Земля воды, стр. 85

На дворе 18 марта 1947 года. Война окончена. Чего не скажешь о трудностях военного времени, Талонная книжка все там же, на каминной полке. И, будьте добры, продемонстрируйте нам плоды победы. Дядя Сэм выделит нам кредит. Ганди хочет, чтоб мы вернули ему его Индию. Взгляните-ка на все на это глазами сорокавосьмилетнего мужчины, который родился в царствование королевы Виктории, был ранен под Ипром и которому суждено умереть в 1947 году от бронхопневмонии. Что сталось с небылицей, которую сплели для нас деды?

А теперь, в довершение всех бед, наступает жуткая зима, а за ней следом идет одно из самых разрушительных наводнений за всю историю края.

Она была права: половодье ужасное. Советы-Комитеты опростоволосились: 60 000 акров земли затоплено, 15 000 человек осталось без крова, 20 000 тонн картофеля… Но нам и прежде доводилось такое видеть. Например, в 1874-м…

И шлюза не стало, и дома при шлюзе. И черный сундук с буквами Э. Р. А. унесло в море…

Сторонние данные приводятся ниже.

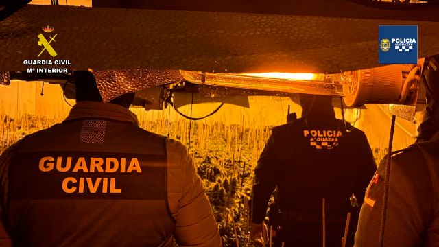 La Guardia Civil de la Región de Murcia y la Policía Local de Alguazas han desarrollado de forma conjunta la operación 'Vidria', una investigación iniciada para esclarecer varias actividades ilícitas relacionadas con el tráfico de drogas, que se ha saldado con varios invernaderos tipo indoor desmantelados en Alguazas, que tenían en última fase de cultivo más de medio millar de plantas de cannabis.

Это его вина. («Его вина в том, что не смылся отсюда, пока было можно», – хмурится сержант.) Если бы он был поосмотрительней, если бы он лучше делал свое дело. Он мог бы спасти заслонку. Он мог бы спасти мир.

Или если бы рядом был Дик. Сильный безмозглый Дик.

Он открывает глаза. Над ним склонилось женское лицо. Дымчато-голубые глаза; выбилась прядка каштановых волос. Женская рука ложится ему на лоб. Он видит лицо сиделки. Сиделка. Брюнетка. Значит, он не на подтопленной со всех сторон крыше. Он не там, где мир… Он спасся, он в безопасности. Среди прочих раненых солдат. Она нагибается ниже, что-то говорит. Она такая хорошенькая; это чудо. Она пытается заставить его рассказать…

Но вместо слов из него выходит лающий рваный кашель. Дыхание пресекается; губы синеют. Он выплевывает в подставленную плошку большой и словно бы в ржавых пятнах сгусток.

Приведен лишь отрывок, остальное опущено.